**What is needed**
Give again, character for character, the lines that lie between the first line of the material and the line with "Çift SüngerBob Tasarımlı", inclusive. Omit pictures.

**Data excerpts**

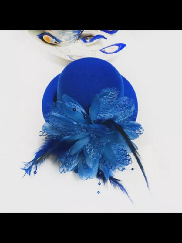 Шляпка на заколке карнавальная "Цветок с перьями", 13 см, цвет синий (Набор 2 шт.)
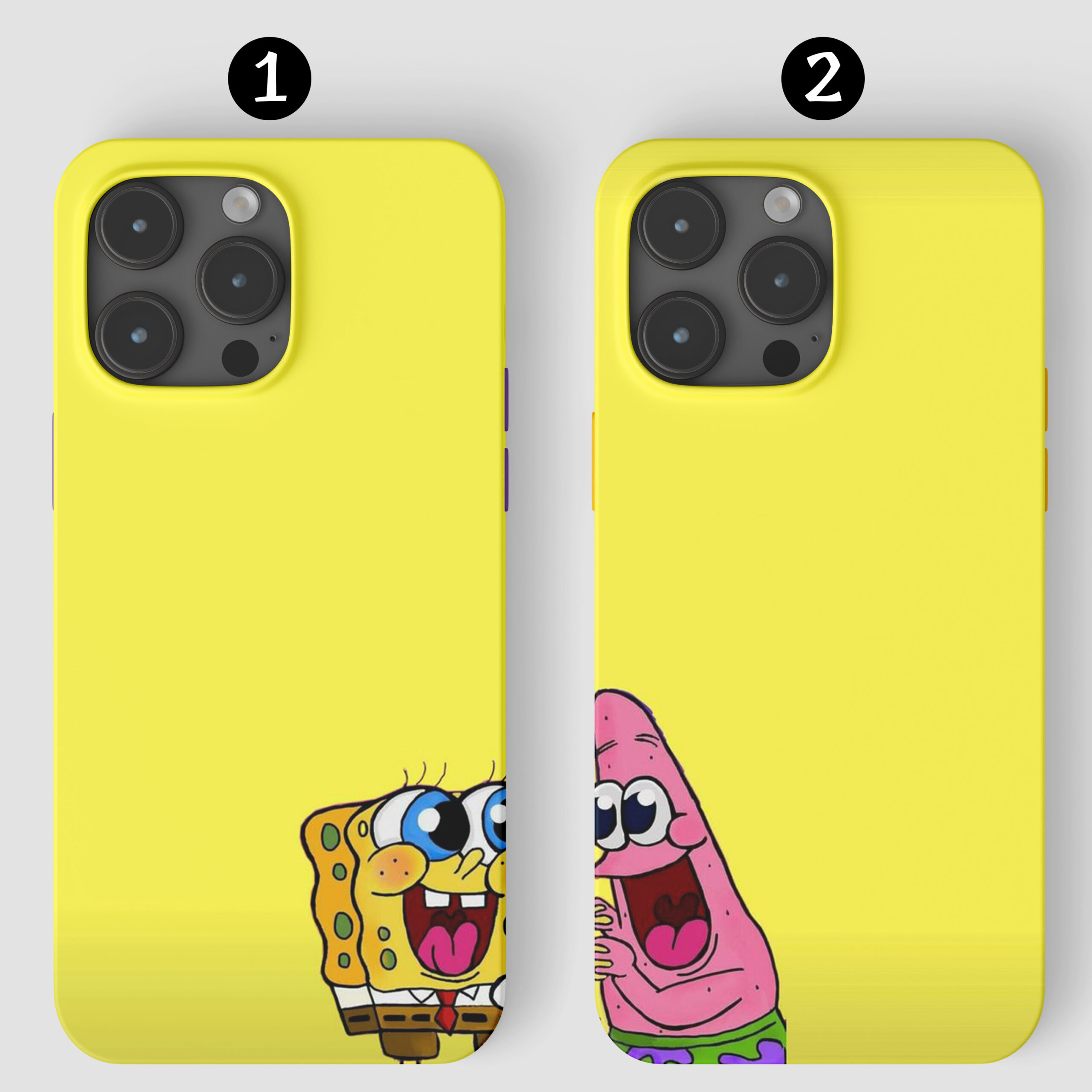 Çift SüngerBob Tasarımlı Baskılı Telefon Kılıfı
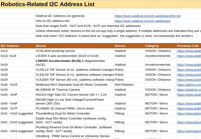 This is a short list of I2C addresses for boards / sensors / drivers that are commonly used in robotics projects. It includes devices from Adafruit, Pololu, Sparkfun, Red Robotics, PiBorg, DF Robots, and others.
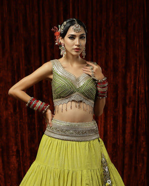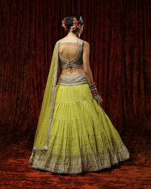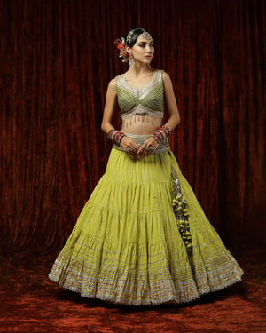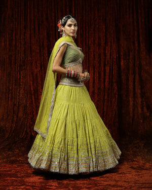 Lemon Green & Olive Crinkle Gota Lehenga Set
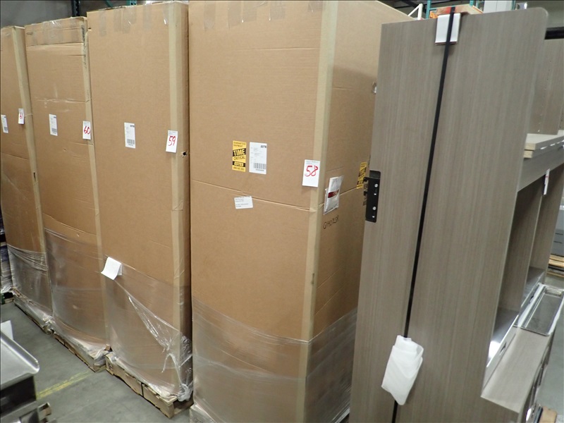 48"W X 76" TALL X 22" CUSTOM BUILT COFFEE BAR W/(2) SLIDING SS SHELVES, CUP DISPENSER, SUPPLY DISPENSERS & TRASH BIN (UNUSED)
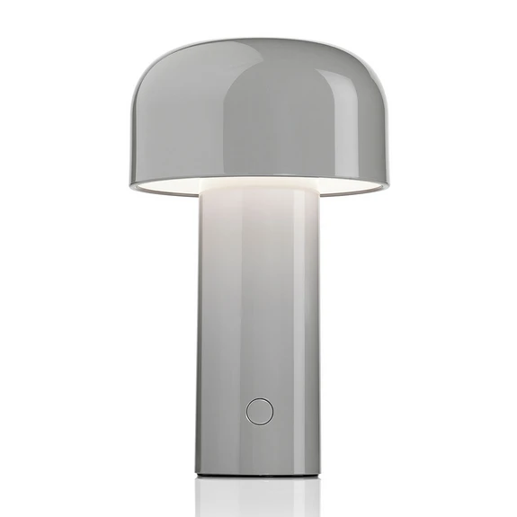 Bellhop Bordlampe Grey Polycarbonat, frem med sit stilfulde udtryk. Med inspiration fra den kendte ’Bellhop klokke’, man kender fra indtjekningen på klassiske hoteller, har Edward Barber og Jay Osgerby designet en transportabel bordlampe med et flot, direkte lys.

**Output below**
 Шляпка на заколке карнавальная "Цветок с перьями", 13 см, цвет синий (Набор 2 шт.)
 Çift SüngerBob Tasarımlı Baskılı Telefon Kılıfı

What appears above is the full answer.